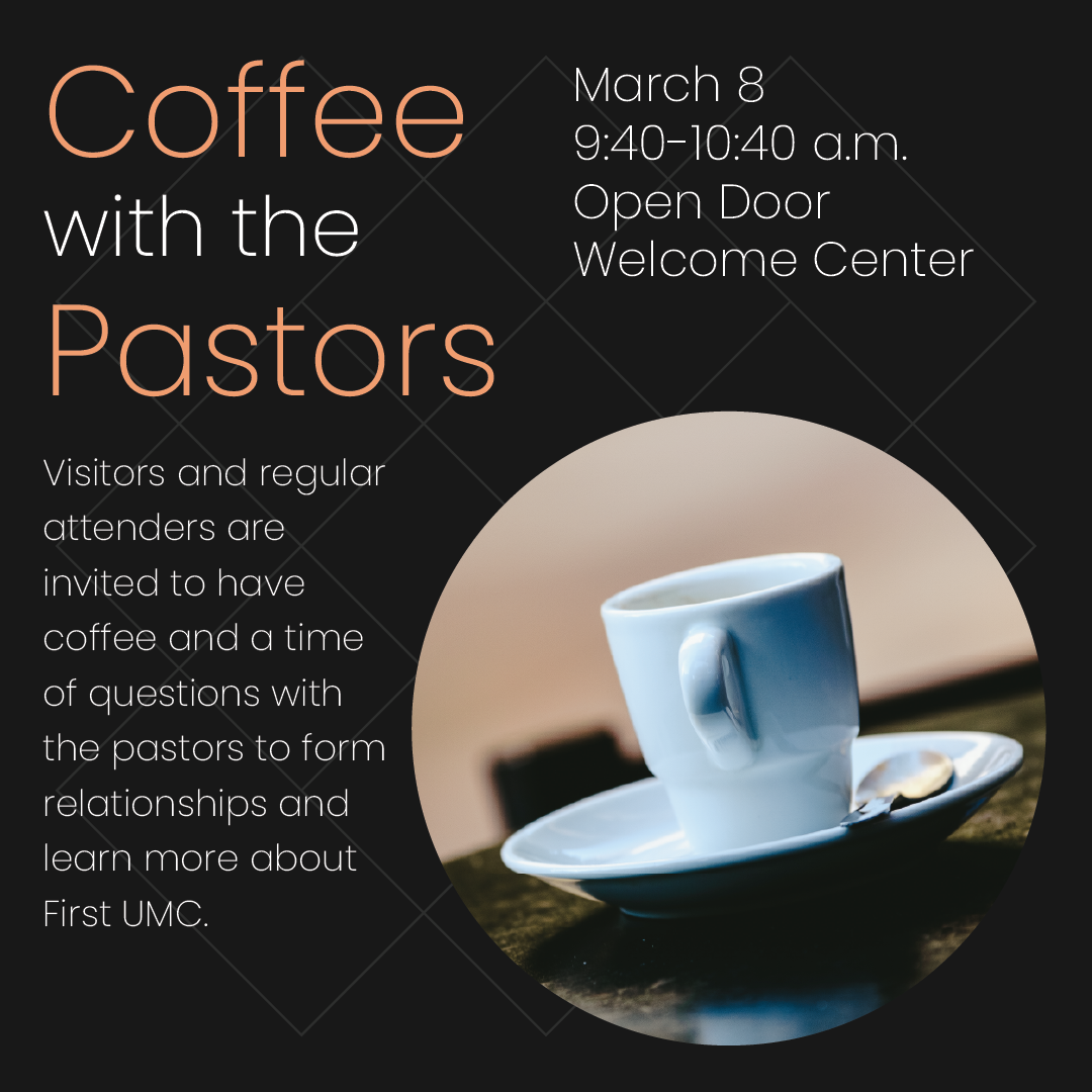 Visitors and regular attenders are invited to have coffee and a time of questions with the pastors to form relationships and learn more about First UMC.
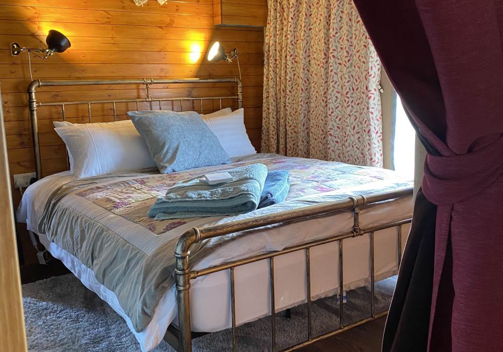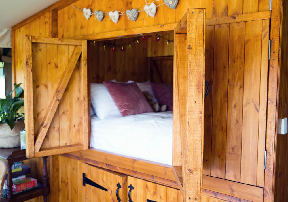 Adjacent to the kitchen area, tucked away, is a snug double cabin bed. Adorned with fairy lights it is a magical hideaway, a place for story telling and cosy cuddles.
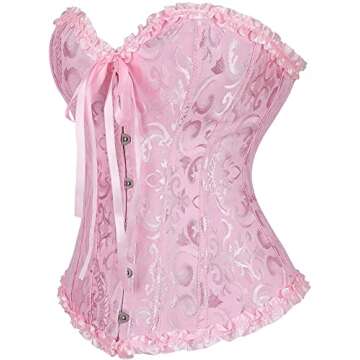 Stylish wiantoniollis Women's Lacing Corset Top - Versatile Satin Floral Bustier in Pink
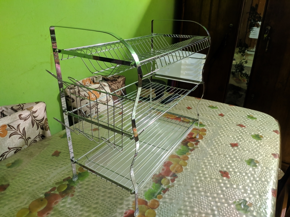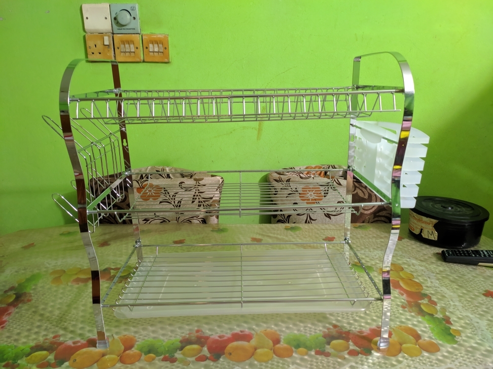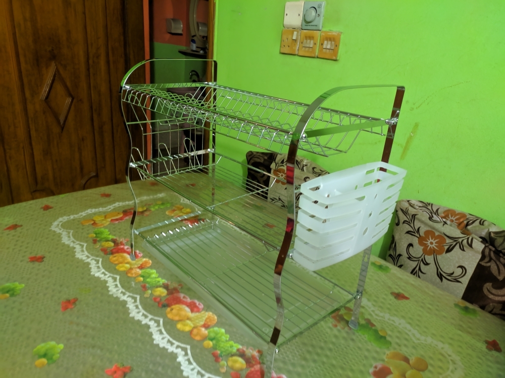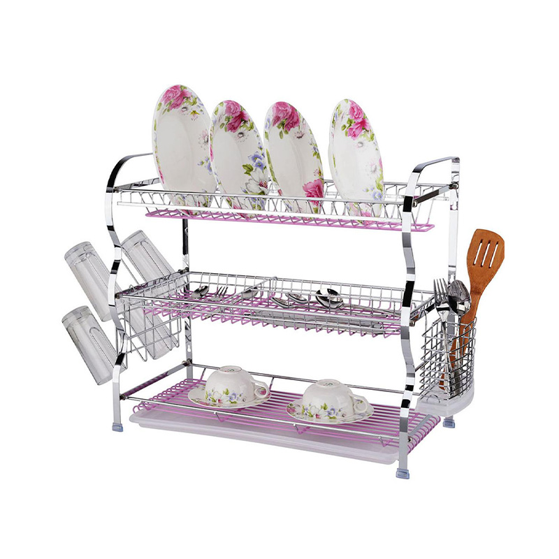 Modern design 3 tier kitchen dish drying rack and storage system made with heavy duty and rust-resistant material for stability and durability. The top tier rack is for holding plates, the middle layer mugs and cups while the flat bottom rack can be used for bowls. This storage rack can save room for making your kitchen more neat.
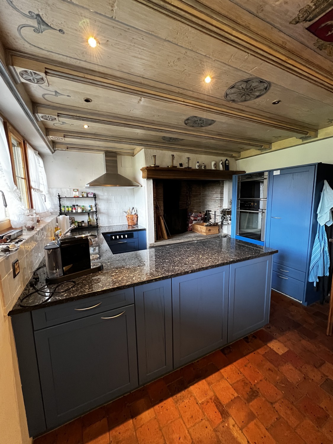 1. 0G: Stilvolles Wohnzimmer, Küche mit hochwertigem Steinofen, praktisches Réduit im Freien, komfortables Schlafzimmer und Badezimmer mit Dusche

◆ ◆ ◆ ◆

_Exercise details_
Where pictures occur in the material above, omit them and return everything else exactly.

_Reply_
 Visitors and regular attenders are invited to have coffee and a time of questions with the pastors to form relationships and learn more about First UMC.
 Adjacent to the kitchen area, tucked away, is a snug double cabin bed. Adorned with fairy lights it is a magical hideaway, a place for story telling and cosy cuddles.
 Stylish wiantoniollis Women's Lacing Corset Top - Versatile Satin Floral Bustier in Pink
 Modern design 3 tier kitchen dish drying rack and storage system made with heavy duty and rust-resistant material for stability and durability. The top tier rack is for holding plates, the middle layer mugs and cups while the flat bottom rack can be used for bowls. This storage rack can save room for making your kitchen more neat.
 1. 0G: Stilvolles Wohnzimmer, Küche mit hochwertigem Steinofen, praktisches Réduit im Freien, komfortables Schlafzimmer und Badezimmer mit Dusche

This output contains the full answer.